Mayer Brown’s Public Companies & Corporate Governance practice advises public companies on transactional, regulatory and governance, and litigation matters. Our team works with domestic and foreign private issuers of all sizes, from mature growth companies preparing for life post-IPO, direct listing or combination with a SPAC to newly public companies and larger enterprises that have been publicly traded for many years. Our advice is informed not only by our leading transactional practices but also by our experience working with companies in a variety of industry sectors, including technology, financial services and fintech, insurance and insurtech, life sciences, healthcare, real estate and REITs, BDCs and consumer products.
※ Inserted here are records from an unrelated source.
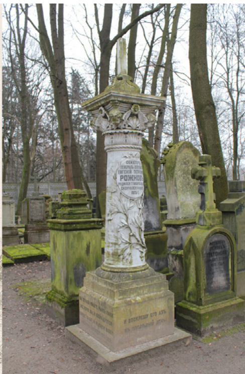
6. Nagrobek Jewgienija Rożnowa, cmentarz prawosławny w Warszawie, ok. 1876.

kolumny i oplatającą go dekoracją złożoną z gałązek i liści oliwnych, lecz wieńczącemu kolumnę popiersiu kobiety, na której głowie znajduje się korona z wawrzynu ozdobiona gwiazdą pośrodku, została podporządkowana cała kompozycja i wymowa ideowa pomnika.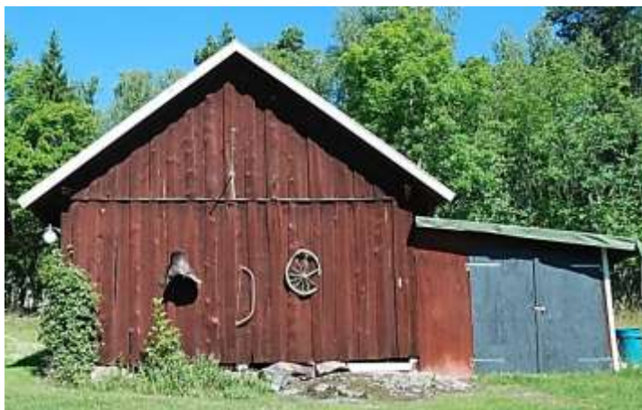
Vagnslidrets södra gavel 2016-07-06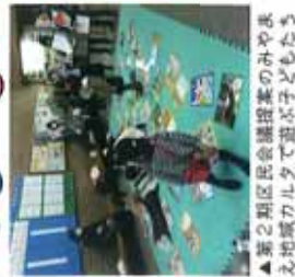
▲第2期区民会議提案のみやまえ地域カルタで遊ぶ子どもたち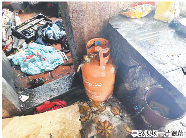
事故现场一片狼藉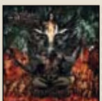
SUPREME DEATH METAL

WALPURGIS RITES – HEXENWAHN NUCLEAR BLAST / WARNER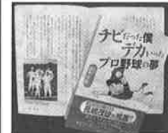
出版文化社(本社・大阪市)発行 定価 1,300円

先日開かれた選考会では山本会長のほか、作家の森哲郎氏、俳人の黒田杏子氏ら審査員が全国各地の候補地九十五カ所から観光資源を有する芭蕉ゆかりの市町村を絞り込んだ。北陸では同市のほか、石川県金沢市、小松市、山中町が選ばれている。 芭蕉は、「おくのほそ道」の旅で、現在の関東、東北、北陸、東海の一部十二県を約百六十日かけて巡った。敦賀には一六八九年八月十四日から少なくとも三日間滞在。氣比神宮や色ヶ浜などを訪ねたとされている。 「おくのほそ道」で詠んだ五十句のうち、敦賀に関するものは四句。敦賀から見る中秋の名月を賞しみにしていたとされ、雨に降られた十五日には「名月や北国日和定なき」と詠んでいる。市観光課によると、芭蕉にまつわる句碑や記念碑は市内に十七カ所。芭蕉の足跡をたどり、敦賀市を訪れる根強いファンは多いという。 同課は「芭蕉をテーマ型観光の目玉に位置付け、今後も積極的にPRしていきたい」と認定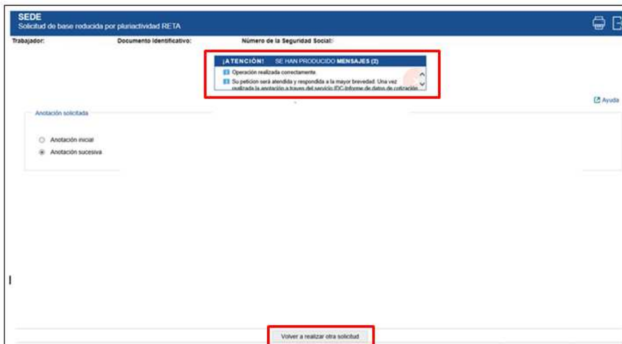
Ilustración 9: Confirmación solicitud anotación sucesiva de la base reducida por pluriactividad.

Si se pulsa Volver a realizar otra solicitud , se regresará a la pantalla anterior.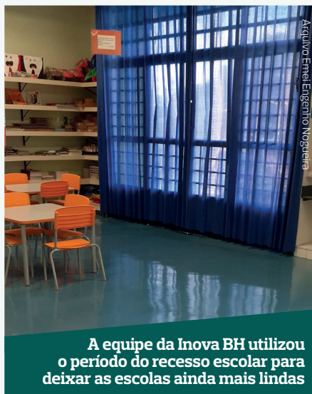
Arquivo Emei Engenho Nogueira

A equipe da Inova BH utilizou o período do recesso escolar para deixar as escolas ainda mais lindas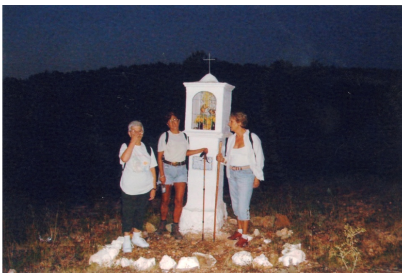
Figura 7. Capillita de la Virgen camino del santuario.

En la Cartuja de Vall de Crist, fray Bonifacio Ferrer llega a ostentar el cargo de Prior Mayor. Se dice que San Ignacio de Loyola residió temporalmente en la Cartuja de Vall de Crist. También estuvo el Papa Benedicto XIII llamado Papa Luna, tío de María de Luna, Señora de Segorbe, esposa de Martin el Humano .

Mayer Brown is ranked in Tier 1 of U.S. News & World Report/Best Lawyers’ list of “Best Law Firms” for Securities Regulation and Corporate Law.
Our Public Companies & Corporate Governance practice brings together experienced lawyers from the firm’s Corporate & Securities, Emerging Companies & Venture Capital, Regulatory & Investigations, White Collar Defense & Compliance, Employee Benefits and Executive Compensation practices. We help both private and public companies achieve their financing goals while establishing and maintaining a comprehensive governance framework that allows directors and senior managers to guide their organizations in an increasingly complex and interconnected global environment. We count among our Mayer Brown colleagues partners who have held senior positions at key regulatory bodies and have worked on major rule-making initiatives in areas directly impacting public companies and their reporting and governance obligations.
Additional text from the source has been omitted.